----- THE DATA

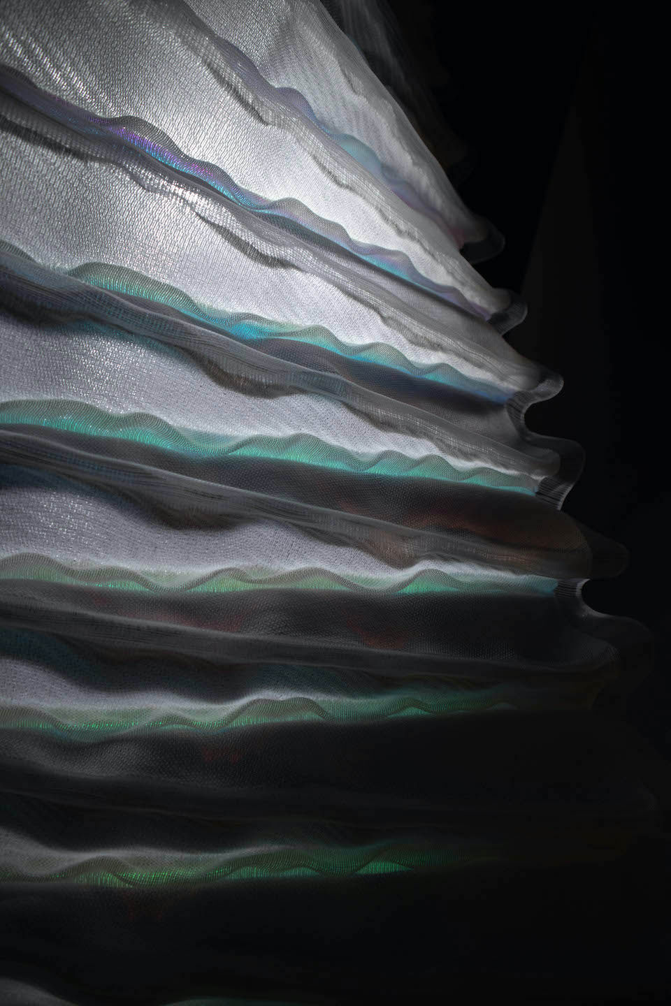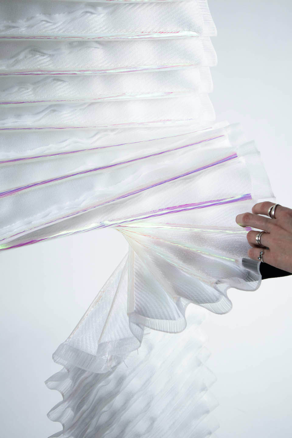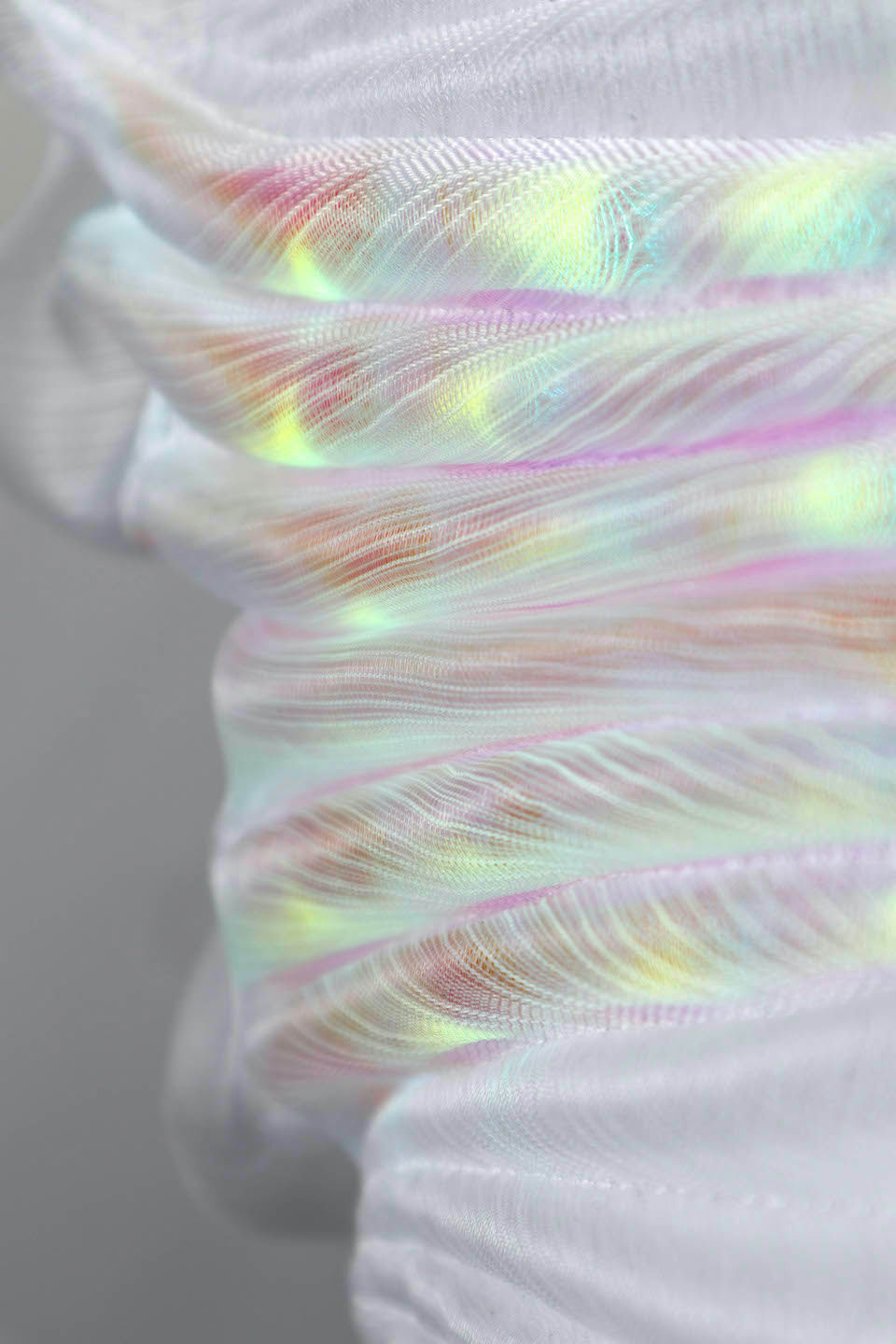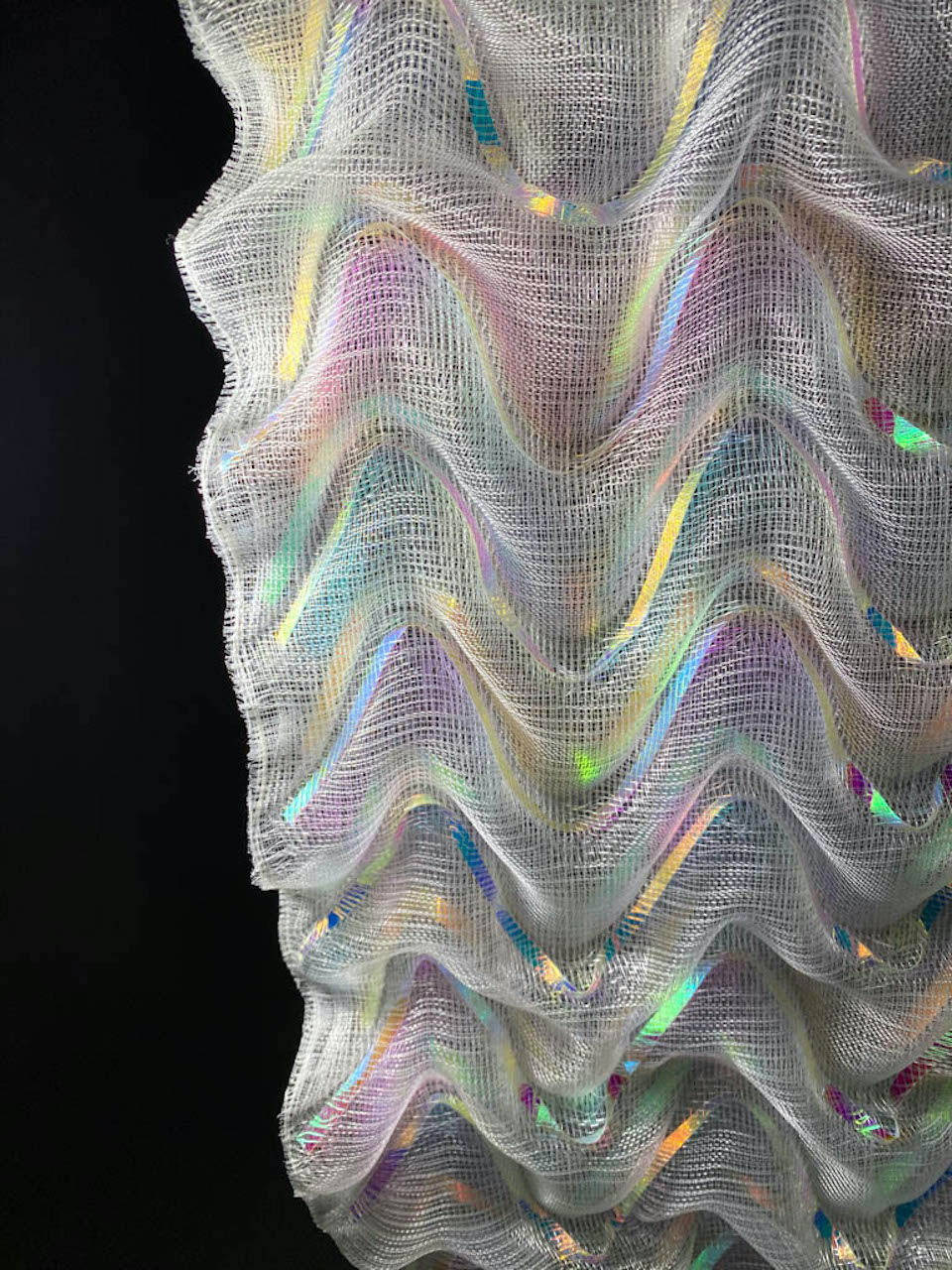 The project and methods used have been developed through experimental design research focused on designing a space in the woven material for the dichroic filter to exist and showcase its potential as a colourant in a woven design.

----------
----- THE DATA

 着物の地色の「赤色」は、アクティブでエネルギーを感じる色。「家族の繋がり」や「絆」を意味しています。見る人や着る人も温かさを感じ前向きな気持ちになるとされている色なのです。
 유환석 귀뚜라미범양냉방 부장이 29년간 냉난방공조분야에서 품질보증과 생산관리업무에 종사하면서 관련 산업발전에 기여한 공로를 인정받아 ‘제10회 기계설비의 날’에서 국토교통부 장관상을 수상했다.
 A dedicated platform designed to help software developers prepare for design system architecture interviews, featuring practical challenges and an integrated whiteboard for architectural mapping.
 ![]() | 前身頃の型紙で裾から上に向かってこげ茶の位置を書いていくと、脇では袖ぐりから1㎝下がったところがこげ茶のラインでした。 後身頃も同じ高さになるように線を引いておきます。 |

----------

REQUIRED WORK —
Among the records above, extract exactly the lines from the line with "着物の地色の「赤色」は、アク" to the line with "유환석 귀뚜라미범양냉방 부장이", both lines included, and leave out the rest.

EXERCISE SOLUTION —
 着物の地色の「赤色」は、アクティブでエネルギーを感じる色。「家族の繋がり」や「絆」を意味しています。見る人や着る人も温かさを感じ前向きな気持ちになるとされている色なのです。
 유환석 귀뚜라미범양냉방 부장이 29년간 냉난방공조분야에서 품질보증과 생산관리업무에 종사하면서 관련 산업발전에 기여한 공로를 인정받아 ‘제10회 기계설비의 날’에서 국토교통부 장관상을 수상했다.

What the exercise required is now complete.